ABOUT THIS EXERCISE: Your answer should hold exactly the lines from the line containing "Connecting you with" through the end of the entries that follow.

[MATERIAL PROVIDED Boundary: Start]

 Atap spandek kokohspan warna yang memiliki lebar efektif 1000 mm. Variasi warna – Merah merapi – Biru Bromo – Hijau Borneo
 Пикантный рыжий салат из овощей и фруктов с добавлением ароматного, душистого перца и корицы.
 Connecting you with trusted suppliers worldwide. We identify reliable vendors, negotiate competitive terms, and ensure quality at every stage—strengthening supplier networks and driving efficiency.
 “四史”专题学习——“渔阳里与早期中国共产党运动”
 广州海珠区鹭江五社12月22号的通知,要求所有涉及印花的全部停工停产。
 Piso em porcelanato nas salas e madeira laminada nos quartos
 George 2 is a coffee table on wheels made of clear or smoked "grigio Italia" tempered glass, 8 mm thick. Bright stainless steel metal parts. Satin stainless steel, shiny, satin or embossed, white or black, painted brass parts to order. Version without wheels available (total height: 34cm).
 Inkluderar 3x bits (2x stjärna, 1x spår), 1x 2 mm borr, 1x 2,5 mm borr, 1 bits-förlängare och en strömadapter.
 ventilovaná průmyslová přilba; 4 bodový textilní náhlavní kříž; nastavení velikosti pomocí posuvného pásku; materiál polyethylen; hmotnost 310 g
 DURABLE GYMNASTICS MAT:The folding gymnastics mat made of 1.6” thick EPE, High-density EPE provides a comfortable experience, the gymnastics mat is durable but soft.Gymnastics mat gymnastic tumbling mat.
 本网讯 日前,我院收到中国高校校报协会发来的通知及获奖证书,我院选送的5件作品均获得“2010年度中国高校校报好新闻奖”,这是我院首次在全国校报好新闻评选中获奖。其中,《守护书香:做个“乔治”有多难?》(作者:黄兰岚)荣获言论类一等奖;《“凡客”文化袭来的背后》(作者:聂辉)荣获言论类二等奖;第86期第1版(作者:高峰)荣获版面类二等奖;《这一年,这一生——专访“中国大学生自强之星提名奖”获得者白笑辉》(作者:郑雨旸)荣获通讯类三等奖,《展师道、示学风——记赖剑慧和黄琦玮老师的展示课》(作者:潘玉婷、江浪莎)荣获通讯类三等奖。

[MATERIAL PROVIDED Boundary: End]

THE ANSWER:
 Connecting you with trusted suppliers worldwide. We identify reliable vendors, negotiate competitive terms, and ensure quality at every stage—strengthening supplier networks and driving efficiency.
 “四史”专题学习——“渔阳里与早期中国共产党运动”
 广州海珠区鹭江五社12月22号的通知,要求所有涉及印花的全部停工停产。
 Piso em porcelanato nas salas e madeira laminada nos quartos
 George 2 is a coffee table on wheels made of clear or smoked "grigio Italia" tempered glass, 8 mm thick. Bright stainless steel metal parts. Satin stainless steel, shiny, satin or embossed, white or black, painted brass parts to order. Version without wheels available (total height: 34cm).
 Inkluderar 3x bits (2x stjärna, 1x spår), 1x 2 mm borr, 1x 2,5 mm borr, 1 bits-förlängare och en strömadapter.
 ventilovaná průmyslová přilba; 4 bodový textilní náhlavní kříž; nastavení velikosti pomocí posuvného pásku; materiál polyethylen; hmotnost 310 g
 DURABLE GYMNASTICS MAT:The folding gymnastics mat made of 1.6” thick EPE, High-density EPE provides a comfortable experience, the gymnastics mat is durable but soft.Gymnastics mat gymnastic tumbling mat.
 本网讯 日前,我院收到中国高校校报协会发来的通知及获奖证书,我院选送的5件作品均获得“2010年度中国高校校报好新闻奖”,这是我院首次在全国校报好新闻评选中获奖。其中,《守护书香:做个“乔治”有多难?》(作者:黄兰岚)荣获言论类一等奖;《“凡客”文化袭来的背后》(作者:聂辉)荣获言论类二等奖;第86期第1版(作者:高峰)荣获版面类二等奖;《这一年,这一生——专访“中国大学生自强之星提名奖”获得者白笑辉》(作者:郑雨旸)荣获通讯类三等奖,《展师道、示学风——记赖剑慧和黄琦玮老师的展示课》(作者:潘玉婷、江浪莎)荣获通讯类三等奖。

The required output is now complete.